No quería ver las noticias. Movió el botón del dial hasta ITV y se sentó antes de que la imagen se hubiera definido del todo. Estaban haciendo un concurso. Una presentadora de esas que toman sacarina le hacía preguntas a una mujer corpulenta de Southampton sobre su flaco marido con gafas, aislado en una cabina y sonriente como un bebé en el orinal.

Ahora mismo Sean estaría cenando. Su mamá estaría sonriendo y conversando, contándole las noticias del día, como quién se había muerto en la parroquia o la astucia que el nieto de alguien había dicho. Paddy podía llamarlo para decirle que lo echaba de menos. Podía intentar disculparse de nuevo.

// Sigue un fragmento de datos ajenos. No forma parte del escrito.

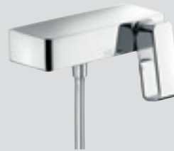
Single lever shower mixer for exposed fitting # 11620000
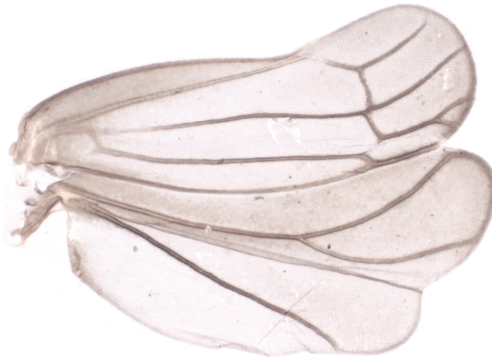
Fig. 1. Euroxenus vayssieres (Bonfils, Attié et Reynaud, 2001), male (La Possession), hind wing.

Diagnosis. Metope with distinct median and sub-lateral carinae joint on its upper margin. Fore wings with R 2–3, M 2–3, CuA 2; without hypocostal plate. Hind wings well developed, 3-lobed, with deep cubital
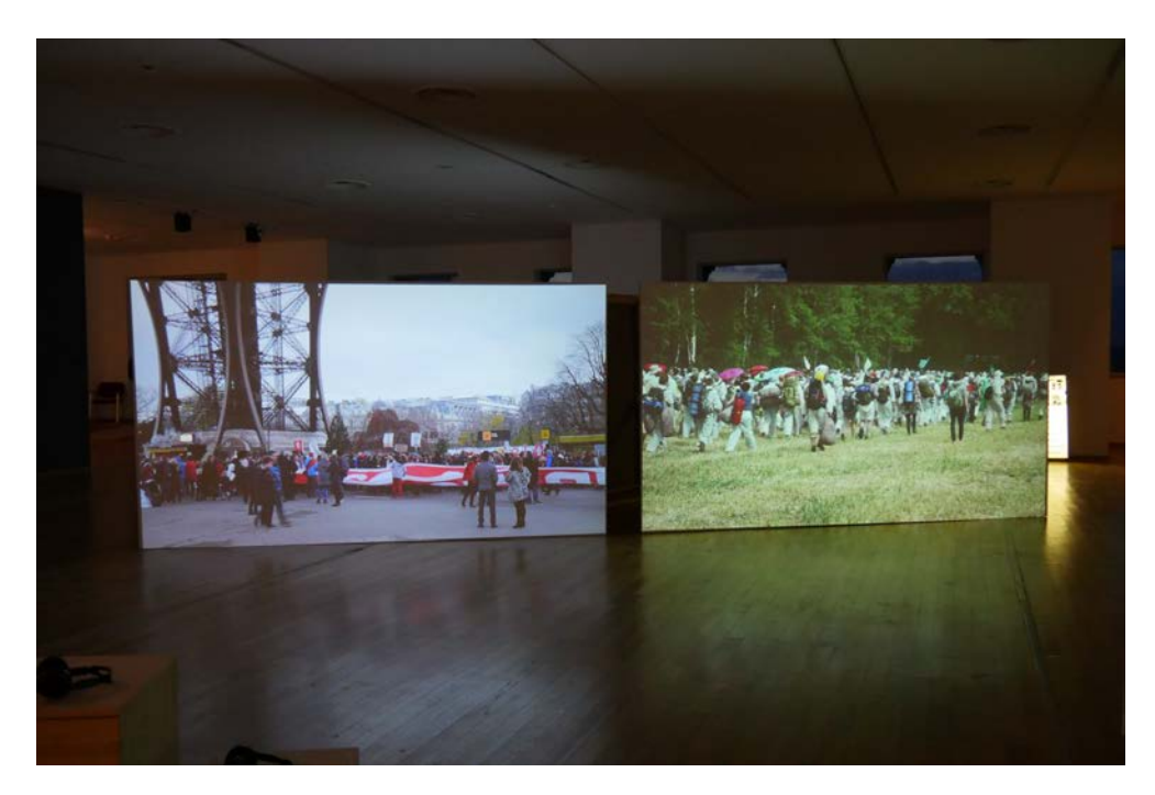
"Everything's coming together while everything's falling apart", 2-channel video installation, 2016. Installation view: "Property is Theft", MNAC – National Museum of Contemporary Art, Bucharest, 2016

and the social movement to them – the strikes, protests, blockades of fossil fuel industry and occupation of factories and squares ( Occupy! ) that have recently occurred. In the context of aggravating ecological, social and political problems, Oliver Ressler tackles the current economic crisis through a range of kaleidoscopic points of view around one single profound, apparently insolvable issue: contemporary capitalism.

Esperó a que su madre hubiera cruzado el salón y subió las escaleras hasta el baño, luego salió a hurtadillas y marcó el número de Sean.

Mimi Ogilvy apenas pudo hablar cuando pidió por él.

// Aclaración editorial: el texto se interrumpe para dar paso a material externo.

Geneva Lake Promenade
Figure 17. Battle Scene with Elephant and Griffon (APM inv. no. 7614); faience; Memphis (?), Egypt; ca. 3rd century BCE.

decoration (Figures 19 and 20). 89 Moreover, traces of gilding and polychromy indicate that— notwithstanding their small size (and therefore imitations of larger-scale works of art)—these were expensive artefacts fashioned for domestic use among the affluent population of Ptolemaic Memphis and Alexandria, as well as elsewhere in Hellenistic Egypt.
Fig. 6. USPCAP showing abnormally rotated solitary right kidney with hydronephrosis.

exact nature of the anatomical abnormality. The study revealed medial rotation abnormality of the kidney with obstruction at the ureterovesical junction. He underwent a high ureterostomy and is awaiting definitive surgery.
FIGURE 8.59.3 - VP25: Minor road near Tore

– Por favor, señora Ogilvy, tengo algo importante que decirle.

Mimi le colgó sin dejar que acabara la frase.

V

Mary Ann subió a acostarse antes de lo normal, e hizo sus cosas en silencio; entró en el baño con su neceser y salió con el pijama puesto, se preparó la ropa para la mañana siguiente y puso las braguitas y la camiseta en la bolsa de la ropa sucia que tenía a un lado del armario. Mientras hacía cosas por la habitación, iba soltando risitas incontinentes.

Apagó el interruptor del lado de la puerta pero, en vez de acostarse, se subió a su cama y se sentó en la de Paddy, sacó una cajita de naipes de detrás de ella y un paquete de galletitas saladas con sabor a queso y cebolla. Sacó a Paddy de la cama y la llevó hasta la ventana, la hizo sentarse y tiró las cortinas. A la luz de la luna, Mary Ann abrió el paquete de galletitas para compartirlas con ella y repartió una mano de siete cartas para cada una. Abajo, al fondo del jardín, el único árbol ondeaba suavemente por la brisa, con la luz plateada de la luna reflejada en sus escasas hojas.

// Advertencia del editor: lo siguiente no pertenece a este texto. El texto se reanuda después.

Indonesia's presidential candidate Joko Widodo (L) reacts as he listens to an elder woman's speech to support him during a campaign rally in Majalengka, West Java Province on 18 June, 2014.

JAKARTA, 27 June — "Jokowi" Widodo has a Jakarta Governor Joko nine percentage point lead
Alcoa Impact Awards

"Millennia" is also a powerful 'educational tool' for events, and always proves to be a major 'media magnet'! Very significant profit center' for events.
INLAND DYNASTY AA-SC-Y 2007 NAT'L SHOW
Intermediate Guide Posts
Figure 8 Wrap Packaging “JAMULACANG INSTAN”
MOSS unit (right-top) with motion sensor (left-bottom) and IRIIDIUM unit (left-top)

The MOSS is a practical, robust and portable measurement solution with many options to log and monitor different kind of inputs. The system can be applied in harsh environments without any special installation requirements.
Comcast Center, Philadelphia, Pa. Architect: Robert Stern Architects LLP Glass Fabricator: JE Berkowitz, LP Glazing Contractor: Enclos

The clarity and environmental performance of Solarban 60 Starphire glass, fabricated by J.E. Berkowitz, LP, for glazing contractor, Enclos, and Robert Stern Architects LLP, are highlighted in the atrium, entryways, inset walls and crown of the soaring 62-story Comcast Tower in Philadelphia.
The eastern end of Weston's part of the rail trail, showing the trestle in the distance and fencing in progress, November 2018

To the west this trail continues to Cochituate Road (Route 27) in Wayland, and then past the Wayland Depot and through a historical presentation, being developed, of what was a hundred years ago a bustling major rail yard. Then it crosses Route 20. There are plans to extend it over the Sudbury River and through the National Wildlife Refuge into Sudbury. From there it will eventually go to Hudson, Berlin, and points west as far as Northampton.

Estuvieron jugando casi una hora y se reían en silencio cada vez que las galletitas crujían ruidosamente en sus bocas, mientras anotaban los puntos de cada una en el cuaderno de Paddy. Mary Ann hacía las sumas con los dedos cada vez que terminaban una mano, se rascaba la cabeza y ponía cara de sorpresa, apuntando números ridículamente equivocados a favor suyo. Paddy la dejaba hacer cada vez, disfrutando más y más. Al final de la página, apuntaban los puntos reales.

Se quedaron despiertas hasta mucho después de que los ojos empezaran a escocerles de sueño, jugando, con los rostros junto al cristal de la ventana, frío e húmedo, con cuidado de silenciar sus risas de camaradería. Aquellos juegos silenciosos se convirtieron en un ritual, en una afirmación nocturna de fidelidad que las uniría durante muchas décadas.